* Problem statement
Leave out the pictures and retype, exactly, the lines below from the line with "متوافق مع ماك بوك اير" up to and including the line with "Jazz, Trompetista, Steve", nothing more.

* Information
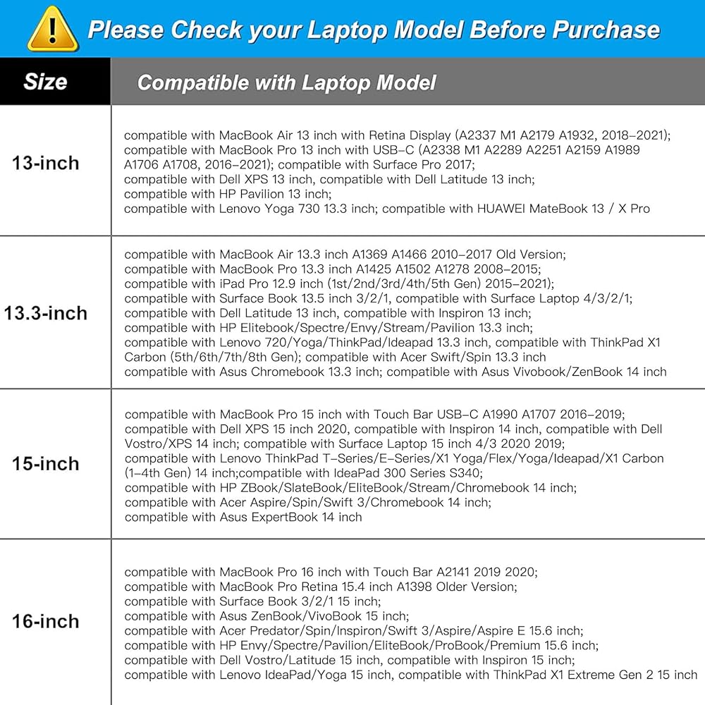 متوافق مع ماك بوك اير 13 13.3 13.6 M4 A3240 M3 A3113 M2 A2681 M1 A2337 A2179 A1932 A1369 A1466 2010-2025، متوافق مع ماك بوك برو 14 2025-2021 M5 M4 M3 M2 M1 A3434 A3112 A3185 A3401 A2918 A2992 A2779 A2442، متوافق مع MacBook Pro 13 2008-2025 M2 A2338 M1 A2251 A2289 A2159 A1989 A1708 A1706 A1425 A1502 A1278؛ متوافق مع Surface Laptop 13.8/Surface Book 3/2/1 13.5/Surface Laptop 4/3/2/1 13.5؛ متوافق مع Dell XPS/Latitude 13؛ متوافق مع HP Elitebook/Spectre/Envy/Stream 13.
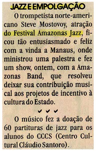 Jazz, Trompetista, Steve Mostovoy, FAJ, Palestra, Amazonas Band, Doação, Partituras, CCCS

...

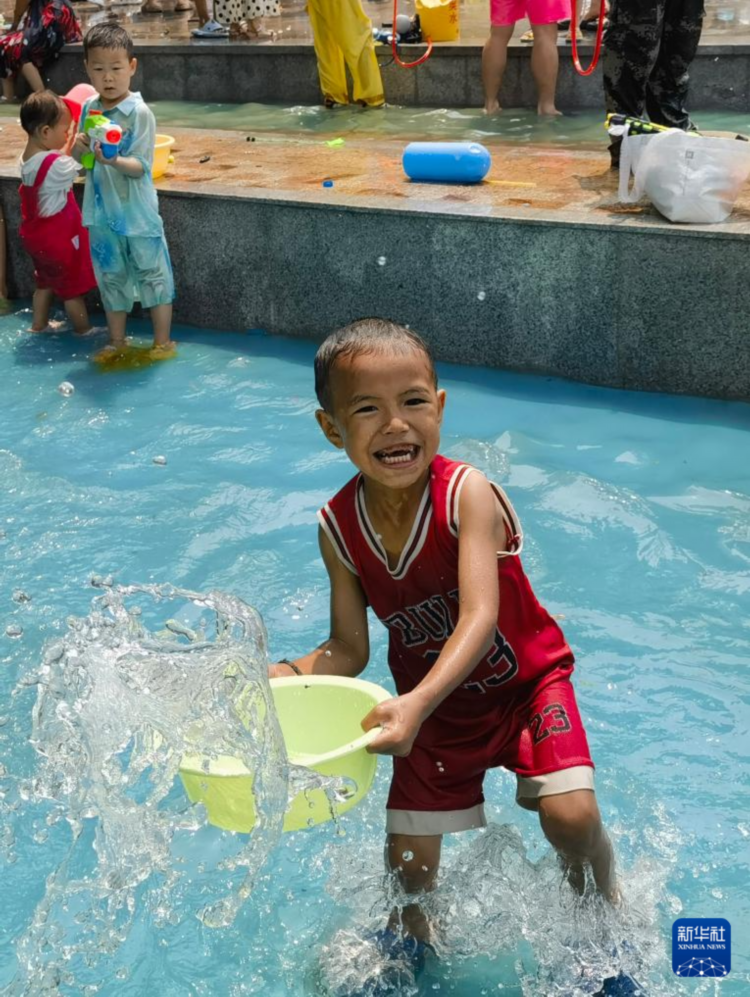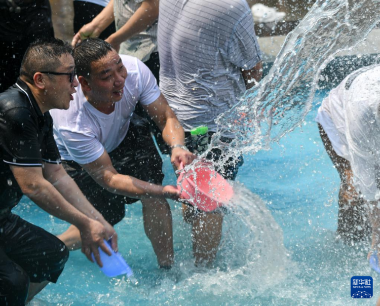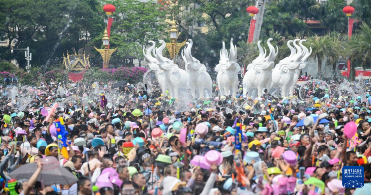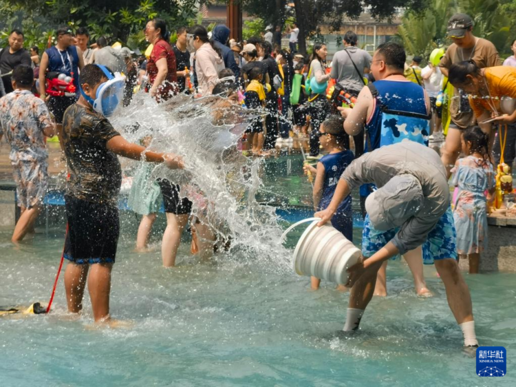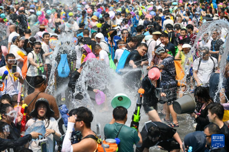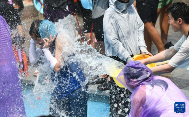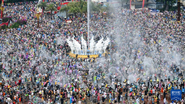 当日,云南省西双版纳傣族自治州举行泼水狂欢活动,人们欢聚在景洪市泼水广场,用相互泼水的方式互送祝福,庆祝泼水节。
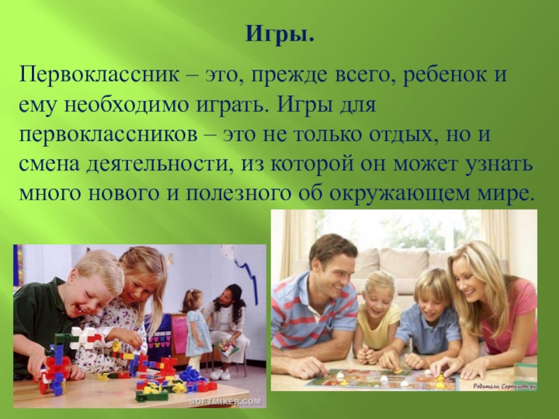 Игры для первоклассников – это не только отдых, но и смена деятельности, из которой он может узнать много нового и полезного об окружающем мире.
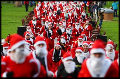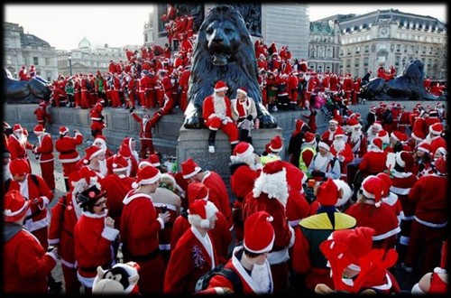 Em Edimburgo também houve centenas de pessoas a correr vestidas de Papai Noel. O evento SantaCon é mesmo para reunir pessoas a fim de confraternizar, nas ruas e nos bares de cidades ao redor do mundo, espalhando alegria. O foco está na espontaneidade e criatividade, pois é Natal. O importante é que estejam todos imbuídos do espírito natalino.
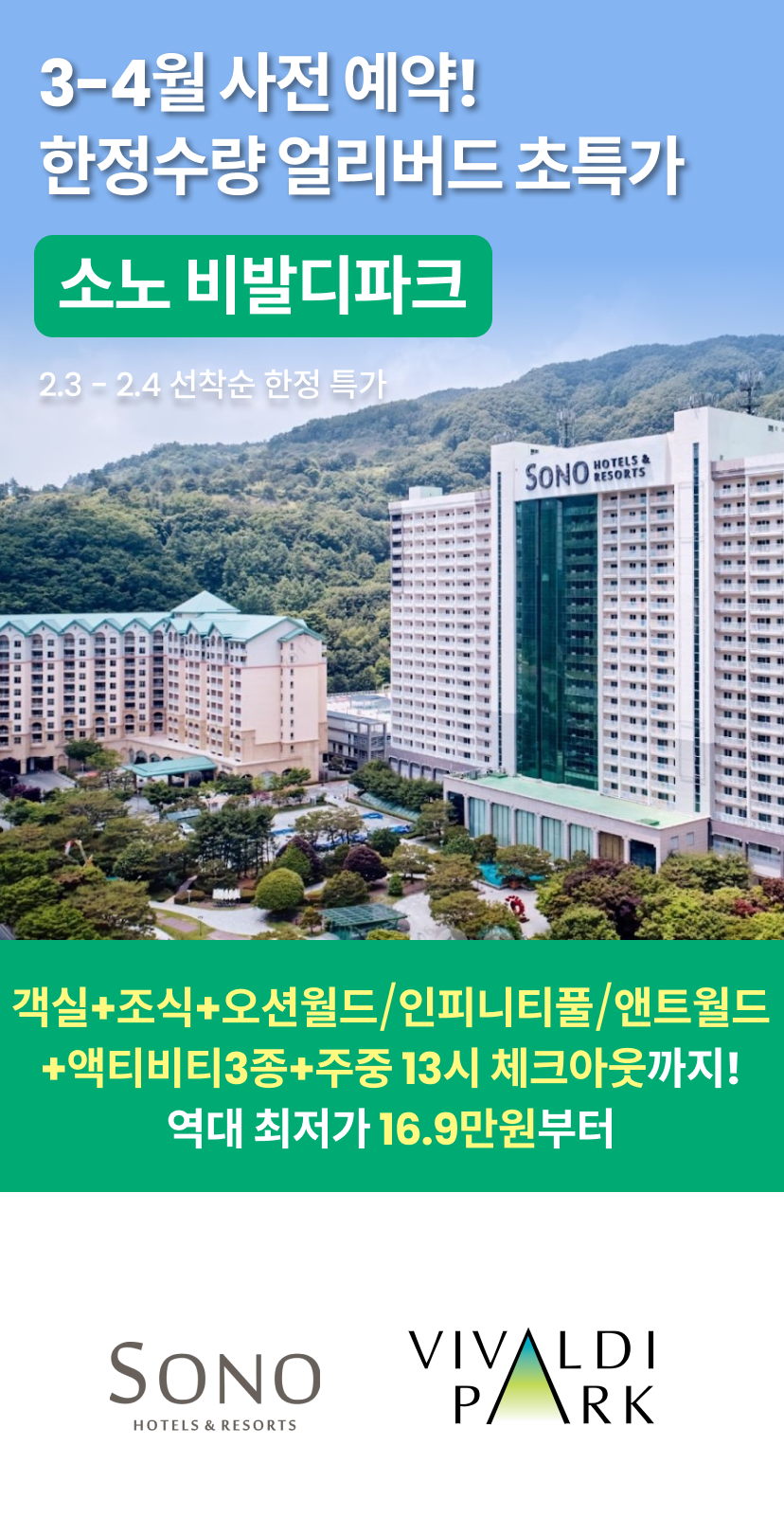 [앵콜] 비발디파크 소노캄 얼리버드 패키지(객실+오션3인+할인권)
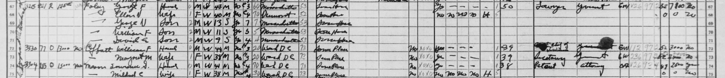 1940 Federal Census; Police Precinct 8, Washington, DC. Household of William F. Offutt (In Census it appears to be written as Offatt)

* Answer area
 متوافق مع ماك بوك اير 13 13.3 13.6 M4 A3240 M3 A3113 M2 A2681 M1 A2337 A2179 A1932 A1369 A1466 2010-2025، متوافق مع ماك بوك برو 14 2025-2021 M5 M4 M3 M2 M1 A3434 A3112 A3185 A3401 A2918 A2992 A2779 A2442، متوافق مع MacBook Pro 13 2008-2025 M2 A2338 M1 A2251 A2289 A2159 A1989 A1708 A1706 A1425 A1502 A1278؛ متوافق مع Surface Laptop 13.8/Surface Book 3/2/1 13.5/Surface Laptop 4/3/2/1 13.5؛ متوافق مع Dell XPS/Latitude 13؛ متوافق مع HP Elitebook/Spectre/Envy/Stream 13.
 Jazz, Trompetista, Steve Mostovoy, FAJ, Palestra, Amazonas Band, Doação, Partituras, CCCS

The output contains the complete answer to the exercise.